Plagiarist. Coward. Thief. Liar. That’s what I’ve been called, and in some circles, what I’m still being called. Today’s blog is twofold: a confession and a testimony.
Chris DeLaune is my pseudonym. My name is Terrell Mims. For most of 2010, I plagiarized my old blog. You can find examples of it if you search my name. I did it because I was being lazy. I had blog goals to meet and when posting time came I copied so I could have something to post. I did it sloppily. Just copy and paste. I copied from Cracked.com and other sites. The authors found out and I there was fallout. No one wants their work copied and then have a plagiarist accept credit for their hard work.
When I was exposed, I dropped the blog and went crawled under a rock. Did I ever think I would be caught? No. I knew what I did was wrong, but I didn’t think my blog was popular enough to warrant attention. Still no excuse. I, however, was connected with people whose blogs did warrant attention and I shamed them due to my sin.
I write this knowing that what I did was wrong. It took me over two years to come back, but I come back humbled, repentant, and truly sorry for those I hurt. Thankfully, before I posted this I shared my sin. Those of you who are reading this due to some other blog or article, I admit that I was wrong and from this day forward, plagiarism will not be associated with anything I write.
If you are still reading this and see where I am coming from thank you. If you want to lambast and call me all sorts of things, I know it’s coming. I asked for it due to my past, but one thing I assure you is that you won’t be able to find a shred of copying from what I do now.
We all have a past. This is mine. We all have something that we don’t want people, especially the world, finding out about. The news is rife with stories of celebrities whose dirty laundry is aired for the world to see. Most of us, don’t get to that point. We hold our secrets in, hoping no one ever finds out. Today, in the Internet Age, all someone needs is a blog or webpage and your dirt is forever uploaded.

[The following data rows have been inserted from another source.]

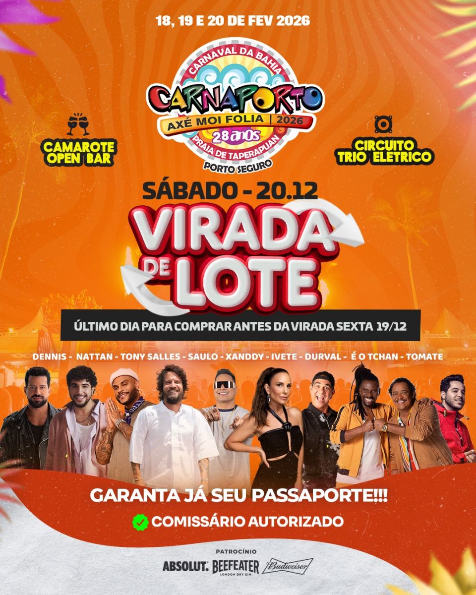 O Carnaporto Axé Moi 2026 entrará em seu quarto lote no dia 20 de dezembro. Você tem até o dia 19 de dezembro para garantir o seu no lote atual.
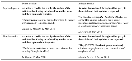 Reported speech and simple mentions of actors are also distinguished (see Table 2). Reported speech can be direct or indirect. Reported speech is defined as any text that the journalist presents as the words or opinions of an actor, whether it appears to be reported directly (e.g. with the use of quotation marks), indirectly, or even in a distorted manner. For example, in the sentence, “In May 2018, when the swarm of earthquakes began to shake Mayotte, the first scientists rushing to the island did not believe in volcanic activity”, the phrase “did not believe in volcanic activity” is considered to be reported speech since the news item is intended to convey their beliefs. In contrast, in the sentence, “End of mission: French prefect Dominique Sorain leaves Mayotte”, Dominique Sorain is “simply mentioned”.
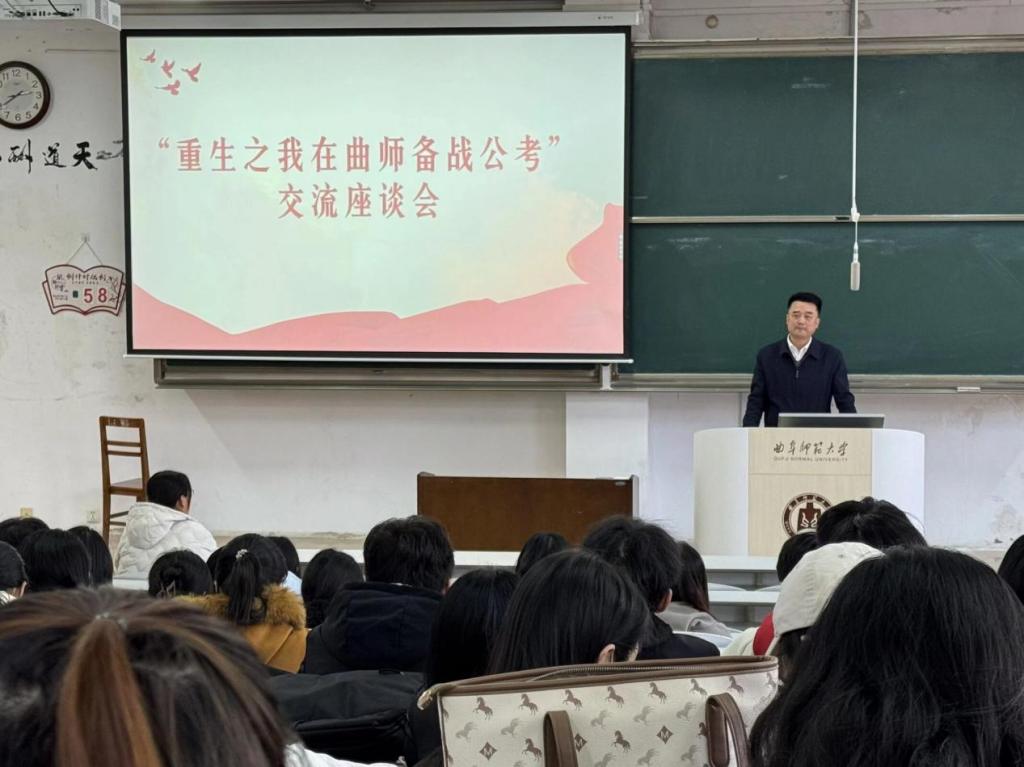 讲座上,刘伟书记深入分析当前地理学科就业形势。他指出,受人口变化及高考中考改革的影响,教师岗位数量收缩明显,考公、考编作为地理专业毕业生的主要就业渠道面临巨大压力。面对新形势,刘伟书记鼓励同学们树立信心,积极利用学院资源,提前做好职业规划,学院也将持续为大家提供全方位支持。新途径职教的专家围绕公考备考策略展开分享,详细拆解了行测、申论等科目的复习阶段规划,提醒应届生把握身份优势、提早做出准备、保持专注,此外他还向同学们分享了部分免费学习资源,为后续备考提供实用参考。

Many people hold their secrets in out of fear of being exposed and to a greater degree, fear of running someone away.
No one is perfect. We have all slipped up, messed up, screwed up. Some, like myself, have done it to greater degrees than others. When someone meets friends or a potential partner, the thought of their past weighs heavily on them. Fear screams to them, “They won’t love you. They will judge you. They won’t accept you. You are a horrible person for what you did. You aren’t worthy of love.” Those statements are not entirely true.
Your past will alienate people. Some will judge you and/or stop accepting you. They will call you every despicable name they can think of. There will be people who will accept you and forgive you. The person who you love, will love you despite your past. Why? They have a past themselves.
It’s not easy to open up and reveal your sins. I did to a few people a year or so ago, and now to the rest of you due to fact I copied a blog recently, but took it down. Never again, shall I give into laziness or my selfish desire to seek unearned glory. I may have forever killed my writing career, but I will not stop writing. I will do it honestly on forward. I know that my future wife will know what I did and not worry about the past which is tied to me, but be part of my future.
Again, to anyone I have lied to, stolen from, hurt, offended, I am sorry. I was wrong. I was lazy. I sought unearned recognition. I know my past will not go away and if you want to dwell and talk about me because of my past, I can’t stop you, but I have a future to look forward to and this blog will be a constant reminder that I did do wrong. It’s my scarlet letter, but I do it no longer and I’m moving forward.